In order to be successful in an astrophysics PhD program, students should have a strong background in physics, mathematics, and computer science. They should also have excellent critical thinking and problem-solving skills, as well as the ability to work independently and as part of a team. Strong written and oral communication skills are also important for presenting research findings and collaborating with colleagues.

3. How long does it typically take to complete an astrophysics PhD program?

Astrophysics PhD programs usually take between 5-7 years to complete. This varies depending on the individual program, research project, and student progress. Some students may also choose to pursue postdoctoral research opportunities after completing their PhD, which can add an additional 1-3 years to their training.

4. What kind of research opportunities are available for astrophysics PhD students?

Astrophysics PhD students have a wide range of research opportunities available to them.

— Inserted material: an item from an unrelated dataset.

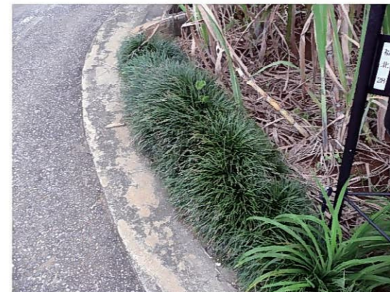
グリーンベルトの設置

They may work on projects related to cosmology, planetary science, astrophysics instrumentation, or other specialized areas within the field. Many universities also have collaborations with other institutions or observatories, providing students with the chance to work on cutting-edge research projects.

5. What is the average salary for astrophysics PhD graduates?

The average salary for astrophysics PhD graduates varies depending on the specific job and location. According to the American Institute of Physics, the median annual salary for physicists and astronomers in 2018 was $119,580. However, this can range from $75,000 for postdoctoral researchers to over $150,000 for tenured professors at top research universities.